Records from a dataset ▸
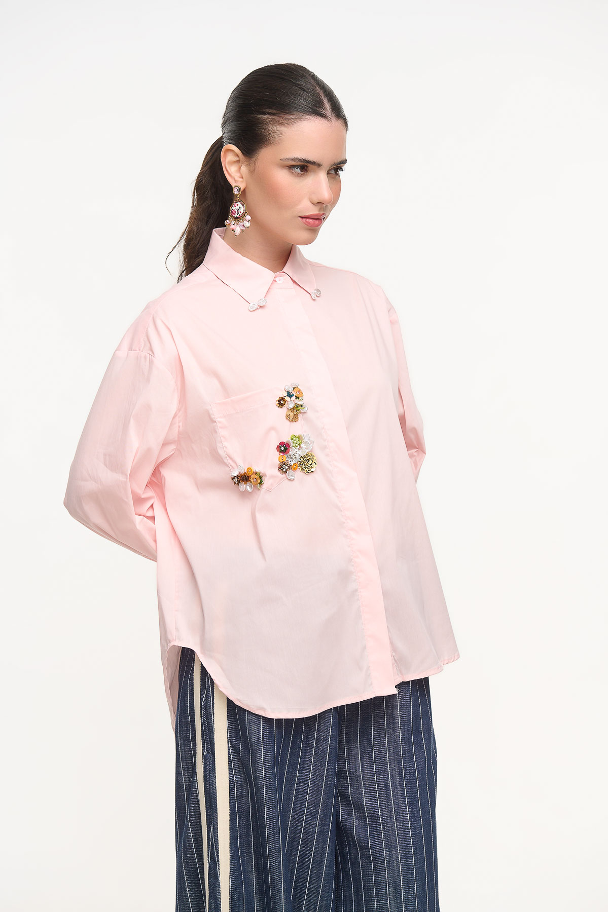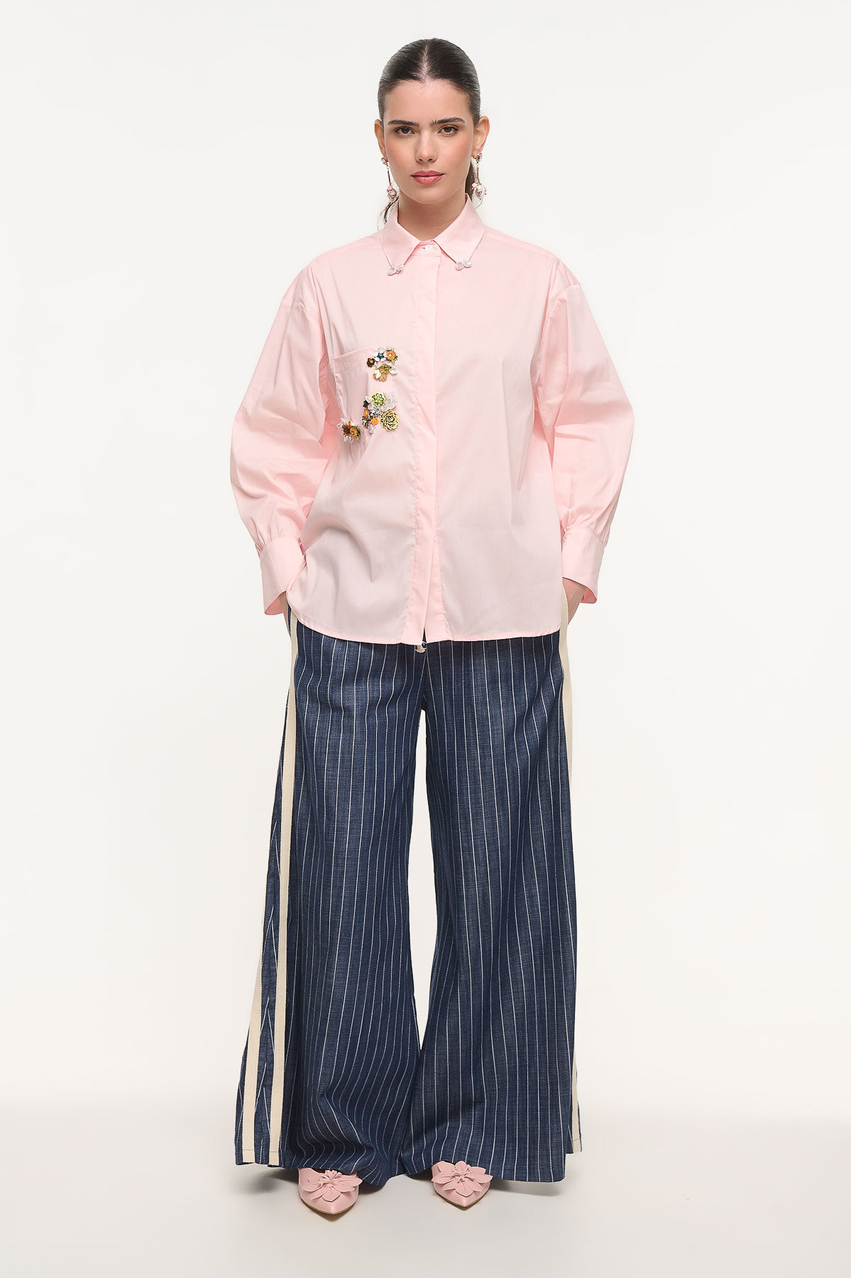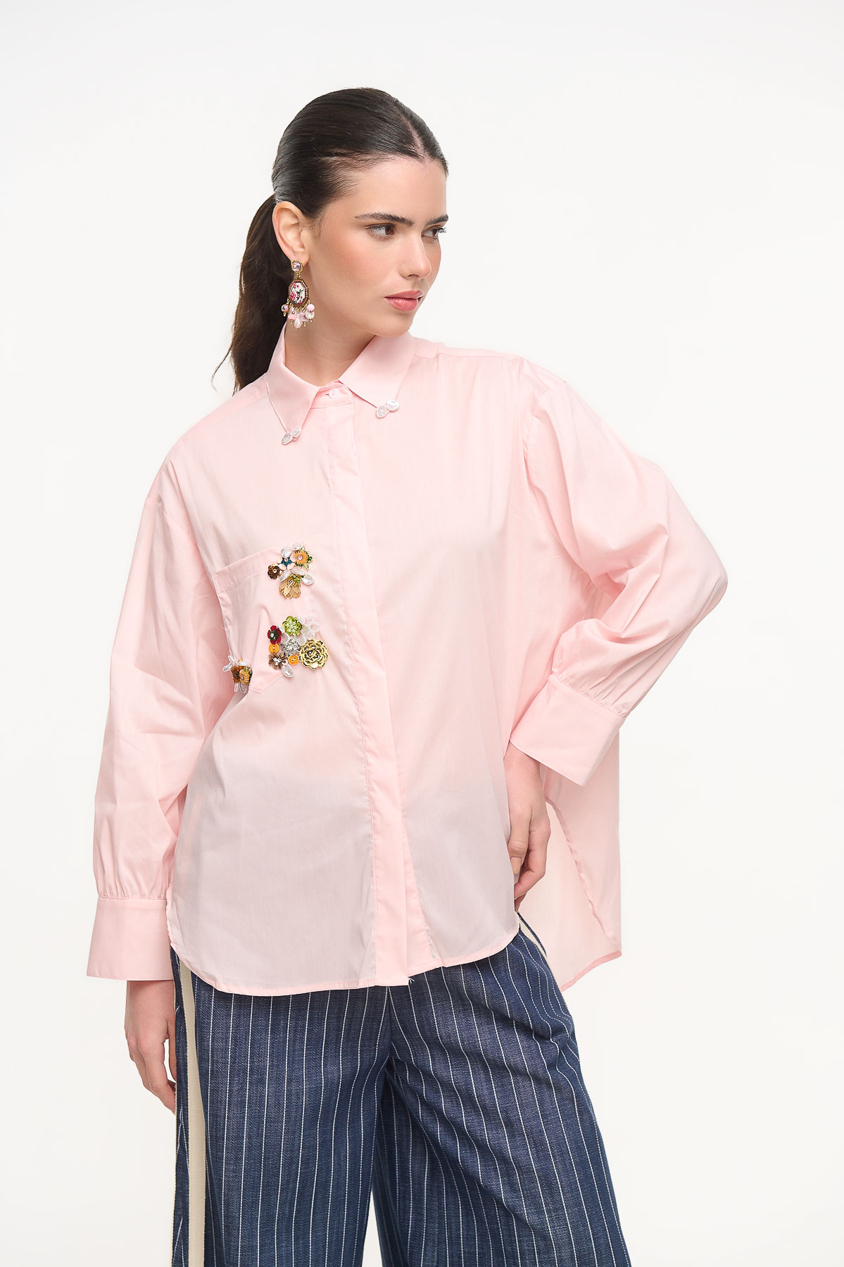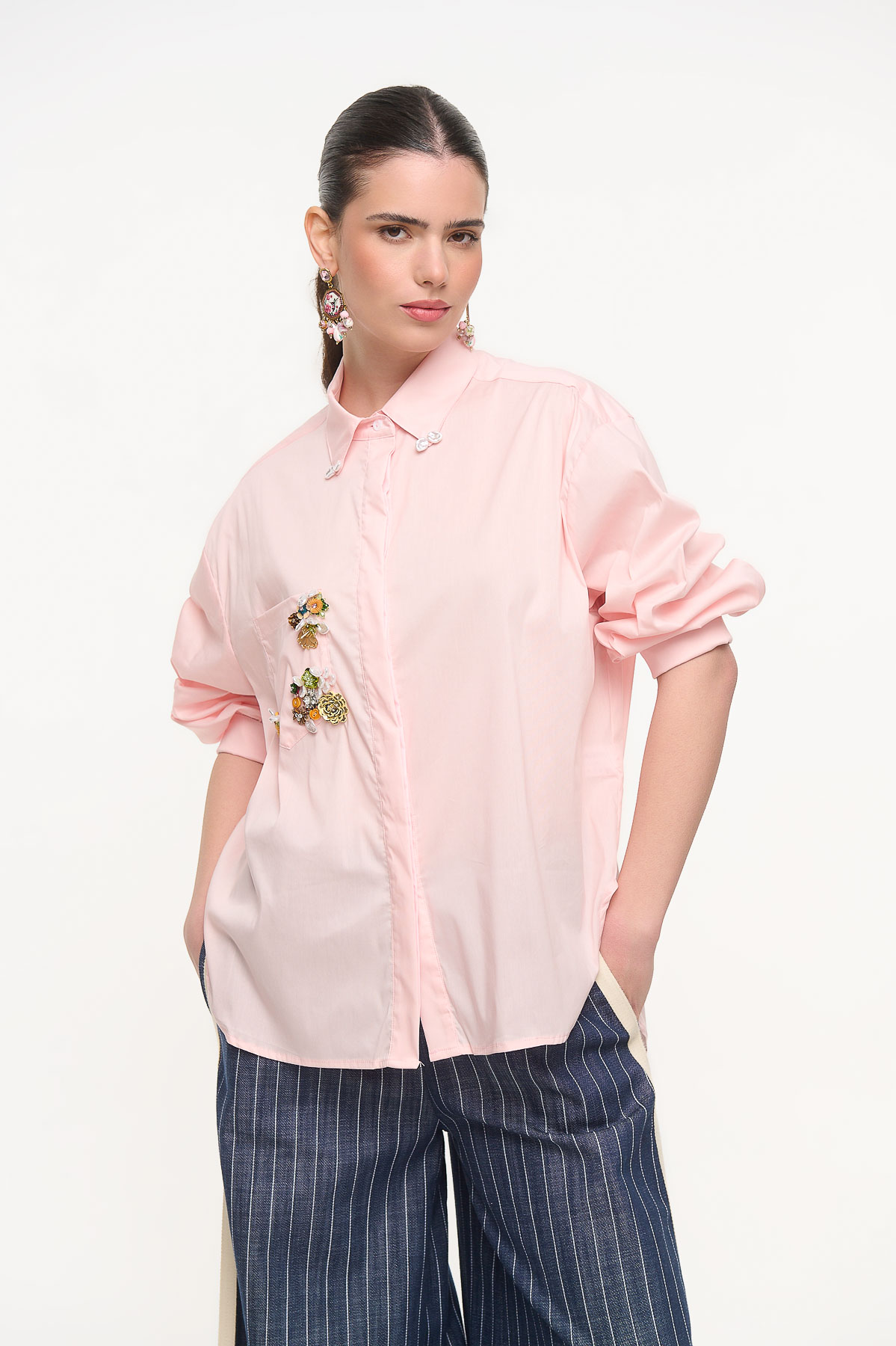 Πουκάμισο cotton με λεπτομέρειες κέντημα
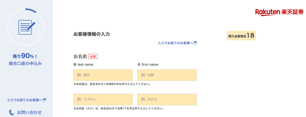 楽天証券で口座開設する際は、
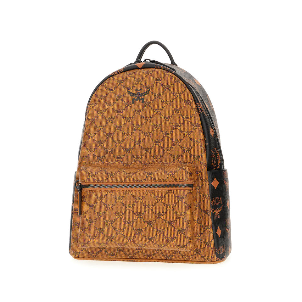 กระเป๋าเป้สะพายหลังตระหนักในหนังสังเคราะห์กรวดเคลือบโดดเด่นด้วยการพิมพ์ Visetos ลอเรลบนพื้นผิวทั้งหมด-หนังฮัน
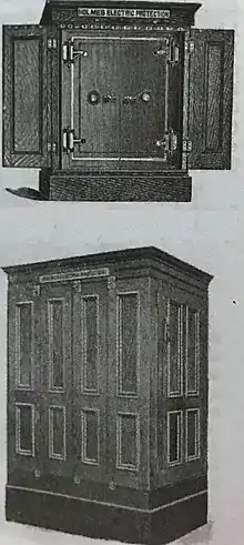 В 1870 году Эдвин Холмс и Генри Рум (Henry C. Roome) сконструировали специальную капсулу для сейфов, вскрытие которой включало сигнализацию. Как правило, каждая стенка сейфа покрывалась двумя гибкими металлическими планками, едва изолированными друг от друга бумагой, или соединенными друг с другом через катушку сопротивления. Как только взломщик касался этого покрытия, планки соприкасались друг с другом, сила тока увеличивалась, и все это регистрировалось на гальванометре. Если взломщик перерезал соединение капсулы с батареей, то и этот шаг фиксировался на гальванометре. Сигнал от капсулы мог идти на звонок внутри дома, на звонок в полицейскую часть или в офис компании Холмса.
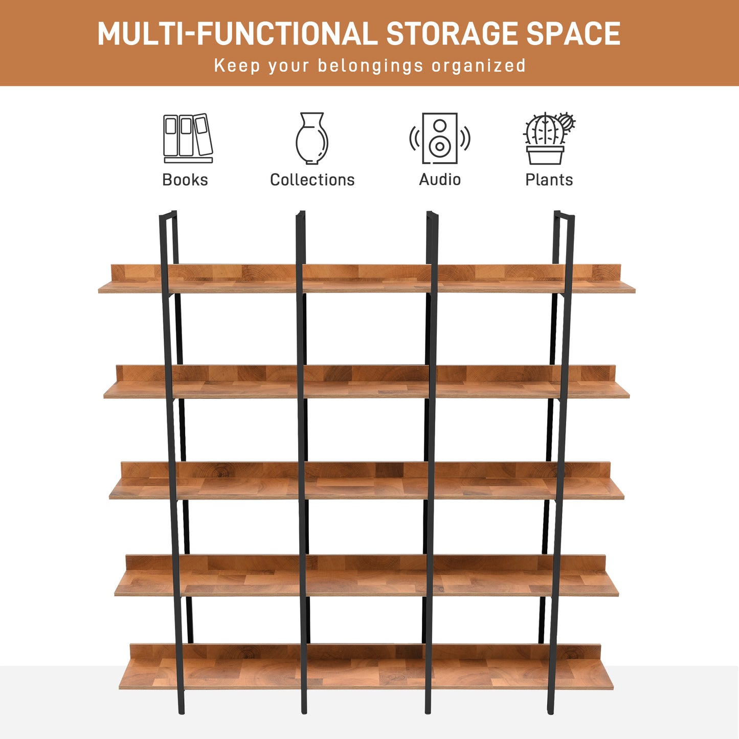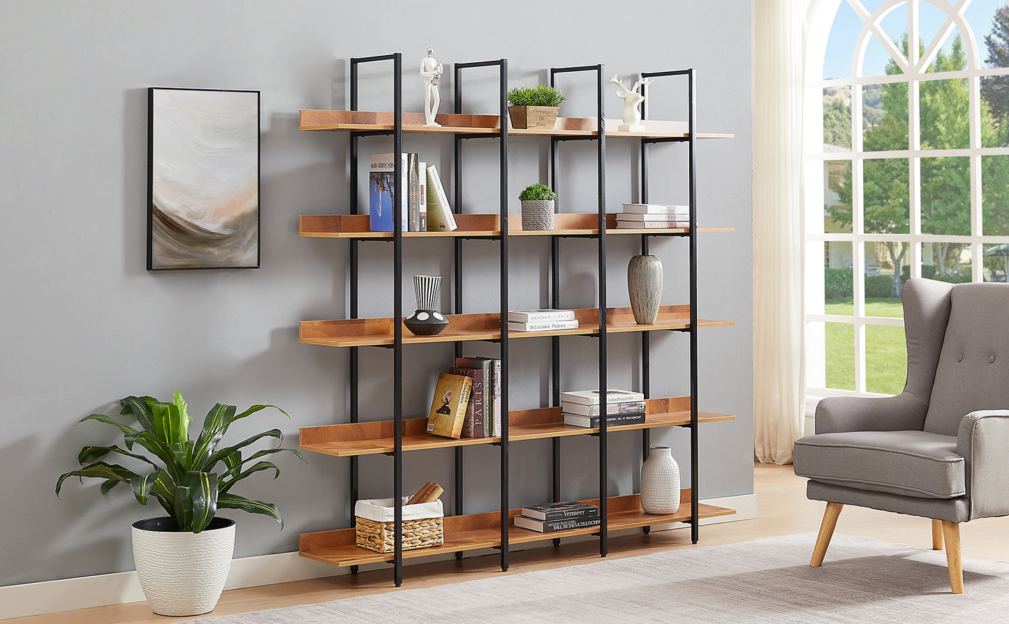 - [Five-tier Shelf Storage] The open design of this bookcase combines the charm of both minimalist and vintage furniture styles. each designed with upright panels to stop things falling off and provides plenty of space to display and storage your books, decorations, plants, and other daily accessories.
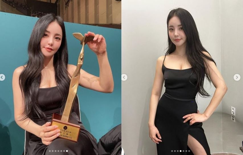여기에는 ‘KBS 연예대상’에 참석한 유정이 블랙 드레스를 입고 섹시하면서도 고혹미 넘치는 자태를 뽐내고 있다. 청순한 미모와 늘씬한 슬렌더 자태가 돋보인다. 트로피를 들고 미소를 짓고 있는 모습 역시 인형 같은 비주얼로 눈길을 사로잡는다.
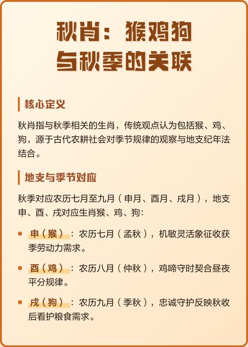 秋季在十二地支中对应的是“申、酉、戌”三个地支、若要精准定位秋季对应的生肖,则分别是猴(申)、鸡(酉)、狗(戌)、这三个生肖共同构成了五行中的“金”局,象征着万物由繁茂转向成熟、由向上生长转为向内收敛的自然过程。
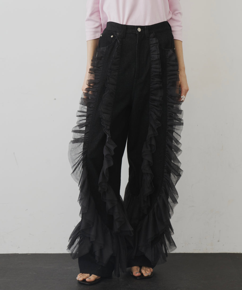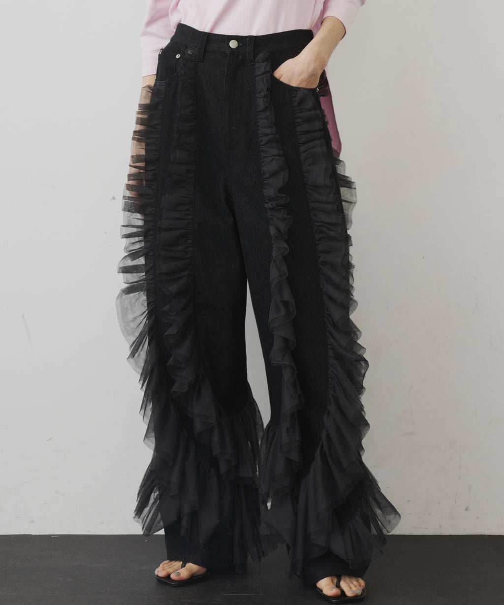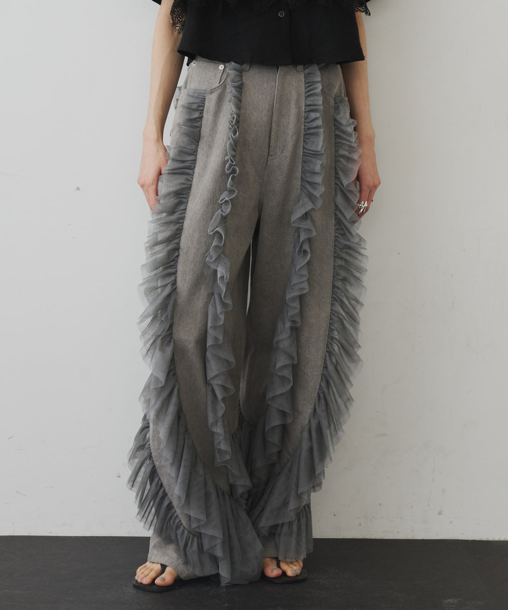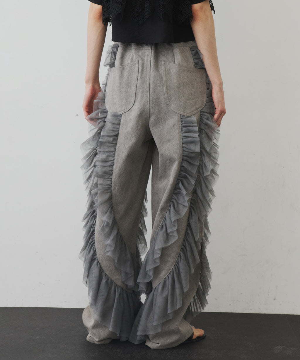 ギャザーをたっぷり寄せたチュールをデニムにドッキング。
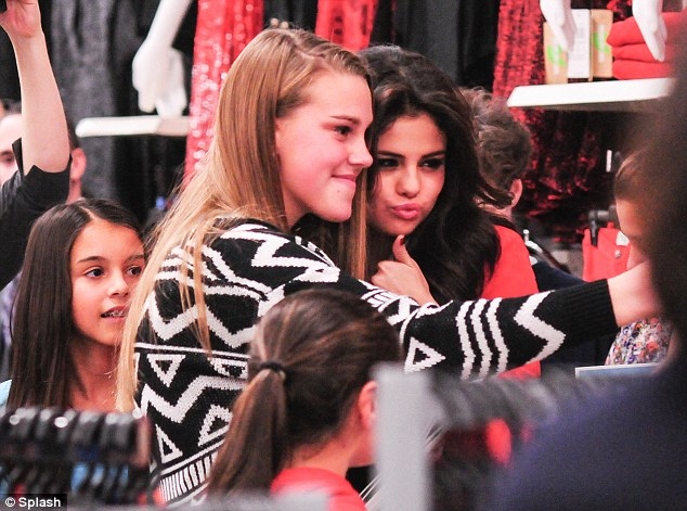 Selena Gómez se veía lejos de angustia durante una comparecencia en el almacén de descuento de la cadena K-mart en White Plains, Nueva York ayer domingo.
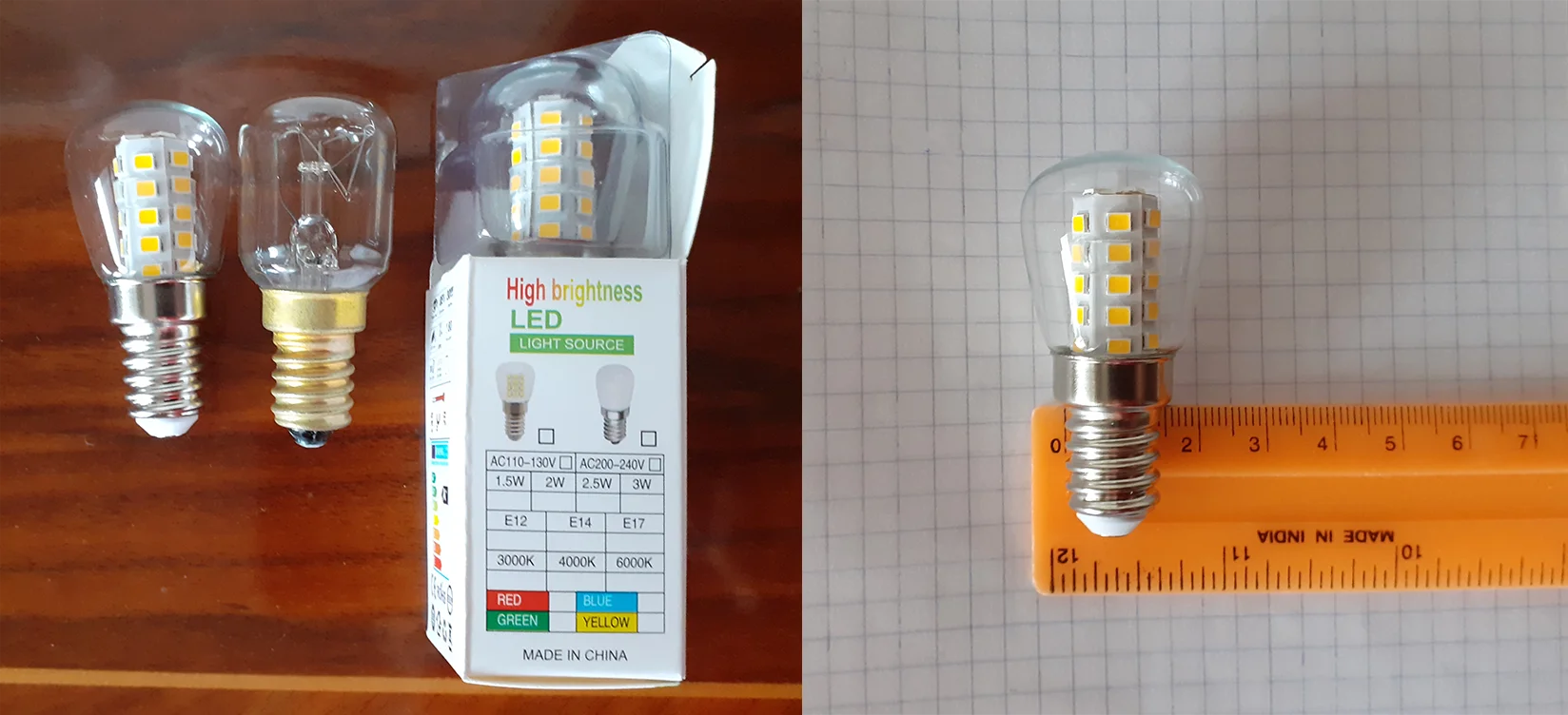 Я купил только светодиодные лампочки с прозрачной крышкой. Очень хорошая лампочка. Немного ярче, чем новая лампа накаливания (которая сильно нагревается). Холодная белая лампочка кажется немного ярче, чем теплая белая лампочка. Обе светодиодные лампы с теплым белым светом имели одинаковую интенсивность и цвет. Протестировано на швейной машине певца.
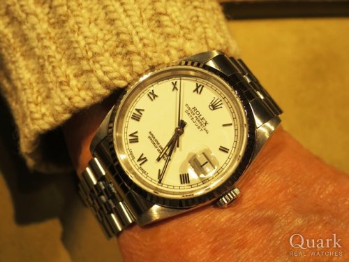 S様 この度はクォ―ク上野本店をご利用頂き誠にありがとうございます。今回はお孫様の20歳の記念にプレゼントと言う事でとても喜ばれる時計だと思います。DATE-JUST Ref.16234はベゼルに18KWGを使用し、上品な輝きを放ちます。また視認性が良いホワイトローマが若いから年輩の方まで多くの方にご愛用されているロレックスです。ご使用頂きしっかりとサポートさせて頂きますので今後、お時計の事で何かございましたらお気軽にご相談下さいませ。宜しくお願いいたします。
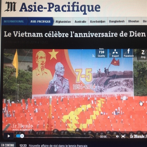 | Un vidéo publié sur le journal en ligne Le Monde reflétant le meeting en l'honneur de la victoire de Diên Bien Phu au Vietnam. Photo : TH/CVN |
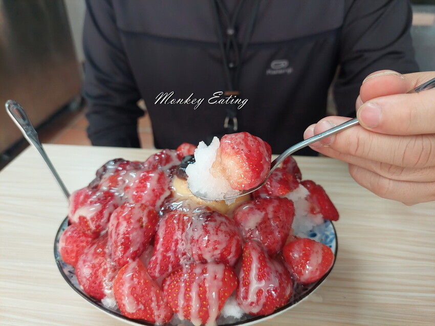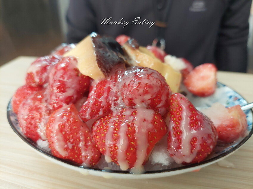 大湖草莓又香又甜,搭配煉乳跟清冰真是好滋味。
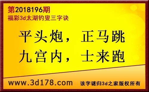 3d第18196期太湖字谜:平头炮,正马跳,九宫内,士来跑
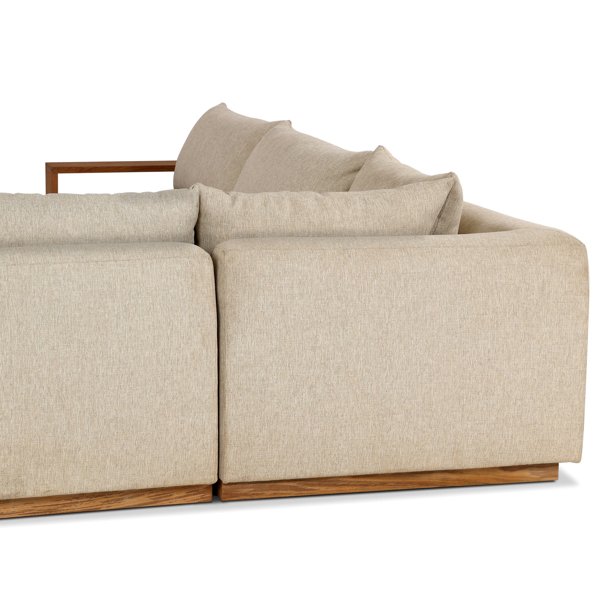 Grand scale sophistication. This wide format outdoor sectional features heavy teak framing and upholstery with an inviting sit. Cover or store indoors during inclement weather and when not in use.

TRY IT ▸
Set down exactly the lines running from the beginning of the entries above to the line that contains "В 1870 году", including both, and leave out pictures.

EXERCISE OUTPUT ▸
 Πουκάμισο cotton με λεπτομέρειες κέντημα
 楽天証券で口座開設する際は、
 กระเป๋าเป้สะพายหลังตระหนักในหนังสังเคราะห์กรวดเคลือบโดดเด่นด้วยการพิมพ์ Visetos ลอเรลบนพื้นผิวทั้งหมด-หนังฮัน
 В 1870 году Эдвин Холмс и Генри Рум (Henry C. Roome) сконструировали специальную капсулу для сейфов, вскрытие которой включало сигнализацию. Как правило, каждая стенка сейфа покрывалась двумя гибкими металлическими планками, едва изолированными друг от друга бумагой, или соединенными друг с другом через катушку сопротивления. Как только взломщик касался этого покрытия, планки соприкасались друг с другом, сила тока увеличивалась, и все это регистрировалось на гальванометре. Если взломщик перерезал соединение капсулы с батареей, то и этот шаг фиксировался на гальванометре. Сигнал от капсулы мог идти на звонок внутри дома, на звонок в полицейскую часть или в офис компании Холмса.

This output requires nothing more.